- Born: July 30, 1923 Osaka, Japan
- Died: July 12, 2011 (aged 87) Hiroshima, Japan

= Suzuko Numata =

Suzuko Numata (沼田鈴子; July 30, 1923 - July 12, 2011) was a Japanese peace activist and a survivor of the atomic bombing of Hiroshima.

== Early life ==
Suzuko Numata was born in Osaka. When she was five, her family moved to Hiroshima after her father, Hideta (d. 1956), got a job there. She had an older brother, a younger sister, and a younger brother.

Numata was in eighth grade when the Sino-Japanese War began. She recalled being taught nationalism and militarism at school, and never learning about Japanese aggression towards other nations or atrocities committed by the Japanese army.

In 1942, Numata graduated from school and was hired to work at the Hiroshima Communications Bureau alongside her father; her younger sister joined them in April of that year. She and her fiancé were engaged in October 1943. In March 1944, her fiancé left for war after being drafted. Shortly afterward, in April, her younger brother entered the military training school in Matsuyama, Ehime Prefecture.

Beginning in May 1945, Numata was assigned to work at the Communications Installation Division for Defense, a department of the Hiroshima Communications Bureau.

== Bombing of Hiroshima and aftermath ==
In August 1945, Numata, then 22, worked at the Hiroshima Communications Bureau, about 1.3 kilometers from the hypocenter of the bomb. She was on the fourth floor of the building when the attack occurred on August 6, and her left ankle was injured when she was buried under debris. She was rescued from the ensuing fire in the building; about 80 other people in the building died. Her immediate family survived, including her father and younger sister.

On August 10, Numata's left leg was amputated above the knee, without anesthetic, after her wound became gangrenous. On August 15, her younger brother returned home from military service. Around that time, Numata soon learned her fiancé, who had been scheduled to return home in early August for their wedding, had been killed in battle in July 1945. She briefly contemplated suicide, but was inspired to continue living by the Chinese parasol trees in the courtyard of the Bureau, which had survived the bombing. Years later, the trees would be replanted in Peace Memorial Park.

In March 1946, Numata was filmed by Herbert Sussan, a member of the United States Strategic Bombing Survey team.

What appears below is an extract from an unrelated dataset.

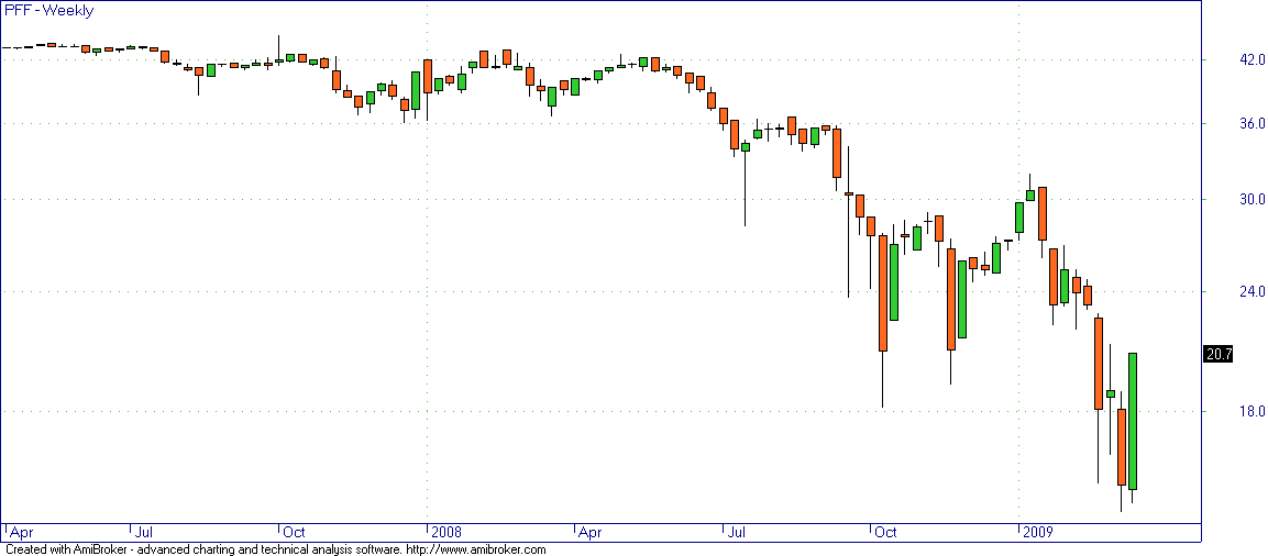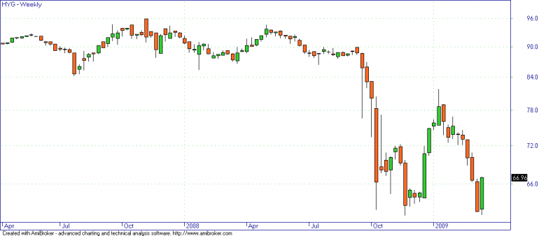 H.B. März 14, 2009 Ob die Aussagen eines "Herrn Spörer" in diesem Zusammenhang relevant sind, mag jeder für sich selbst beurteilen. Auch in den USA gibt es Hybrid-Anleihen. Anders als hier, wo die Genussscheinfonds reihenweise dicht machen, geben die beiden "preferred-Shares"-ETF's gerade wieder Lebenszeichen von sich. Hier ein Chartbild des Powershares-ETF, der Ishares läuft analog. Die Kursentwicklung der Hybrid-Anleihen kann man schon als Fiberthermometer für das Vertrauen in den Finanzsektor benutzen, da hier, anders als bei den reinen Aktienkursen, die Risiken überproportional einfließen und die Fonds überwiegend Finanztitel enthalten. Und weil es so schön ist, ein aktuelles Chartbild des High-Yield-Bond-ETF, das auch Bände spricht: Charttechnisch sind das lupenreine Kaufsignale, die mit den sinkenden Renditen aber auch eine deutliche Entspannung an dieser Front anzeigen. Diesen Beitrag teilen Link zum Beitrag

Numata underwent four more operations on her leg before being released from the hospital in March 1947. She returned home in an improvised wheelchair, made by her mother from a pram.

== Career ==
In 1951, Numata began working as a lecturer of home economics at Yasuda Women's College. She recalled giving students advice for their relationships or helping them to find partners. She retired in 1979, after 28 years of teaching.

== Activism ==
Following the bombing, Numata did not speak about her experiences. However, in 1981, Numata saw the 1946 footage of herself, which she had long forgotten about, as part of the 10 Feet Film Project, a campaign which allowed Japanese citizens to buy footage filmed by the United States Strategic Bombing Survey team. She was inspired to begin working as an activist, and was further encouraged by her former students.

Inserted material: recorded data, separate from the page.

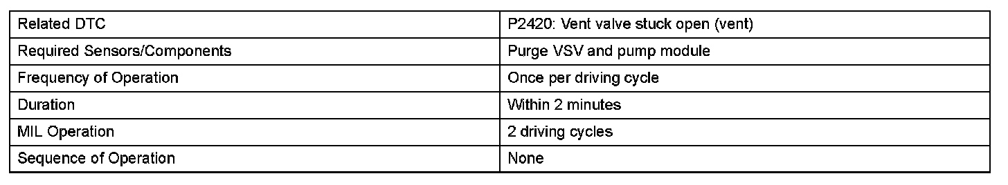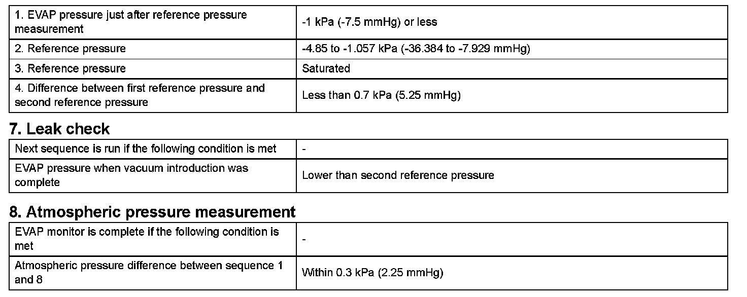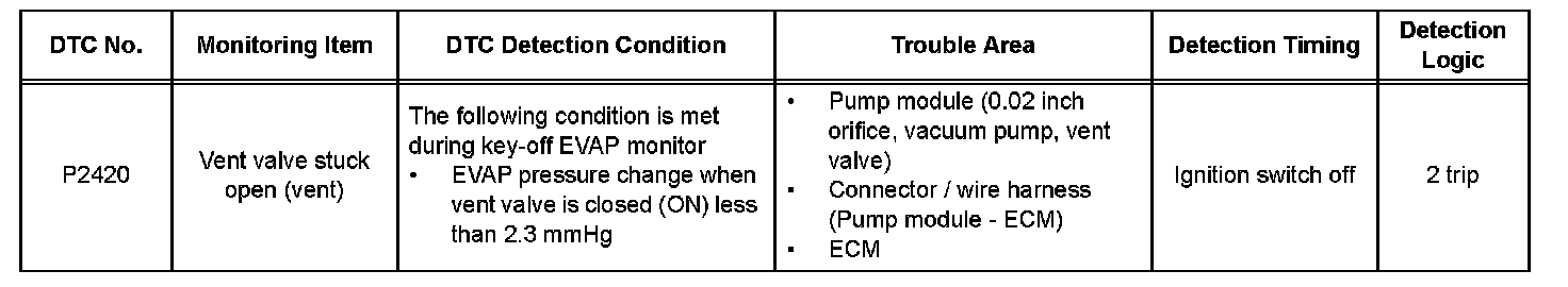 The vent valve is turned OFF (open) and the EVAP pressure is then measured. If the variation in the pressure is less than 0.5 kPa (3.75 mmHg), the ECM interprets this as the purge VSV being stuck closed, and illuminates the MIL and sets DTC P0441 (2 trip detection logic).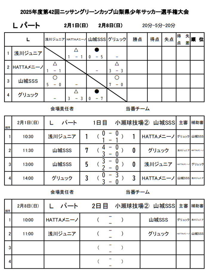 浅川ジュニアSSS、HATTA SCメニーノ、山城SSS、グリュック
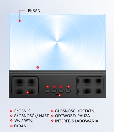 - Głośnik: 3 W / 4 Ω - Regulowana głośność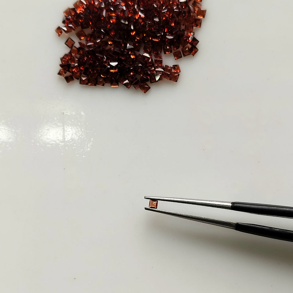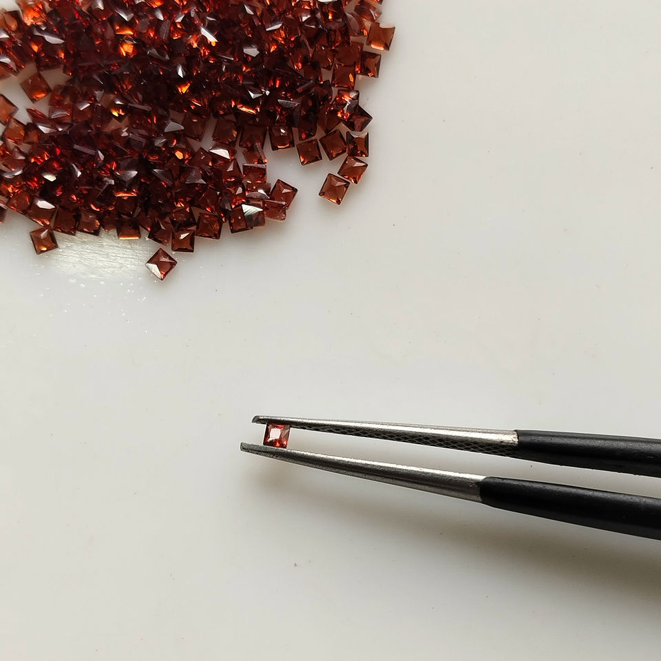 โกเมนสีแดงธรรมชาติ 1.5 มม. ทรงสี่เหลี่ยมเจ้าหญิงคัท คุณภาพดีที่สุด พลอยเม็ดเดี่ยวสำหรับทำเครื่องประดับ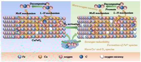 CO oxidation on the CuFeOx catalyst at high temperatures (>175 °C) proceeded via both the MvK and the L-H mechanism, with the latter described in Equations (4)–(6). The gas O2 was captured by oxygen vacancy and formed chemisorbed oxygen species, as shown in Equation (4). The H2 soft pretreatment increased the concentration of oxygen vacancy on the CuFeOx catalyst, which promoted the process of Equation (4). Then, the chemisorbed oxygen species reacted with Cu+-CO species (Equation (1)) to generate carbonate species, as exhibited in Equation (5). The carbonate species decomposed into CO2, as described in Equation (6). The H2 activation accelerated the decomposition of carbonate species, which alleviated the accumulation of carbonate occupying the active sites and improved the efficiency of CO oxidation. Based on the above, a possible reaction model is proposed and is illustrated in Scheme 1.

Numata spoke to many schoolchildren about her experiences. She especially enjoyed when they referred to her as "grandma".

In 2001, an oral history told by Numata was filmed. It is held by the Imperial War Museum in England.

== Personal life ==
Numata never married. Although there was one prospective candidate she met while working as a teacher, his parents disapproved of their son marrying a hibakusha.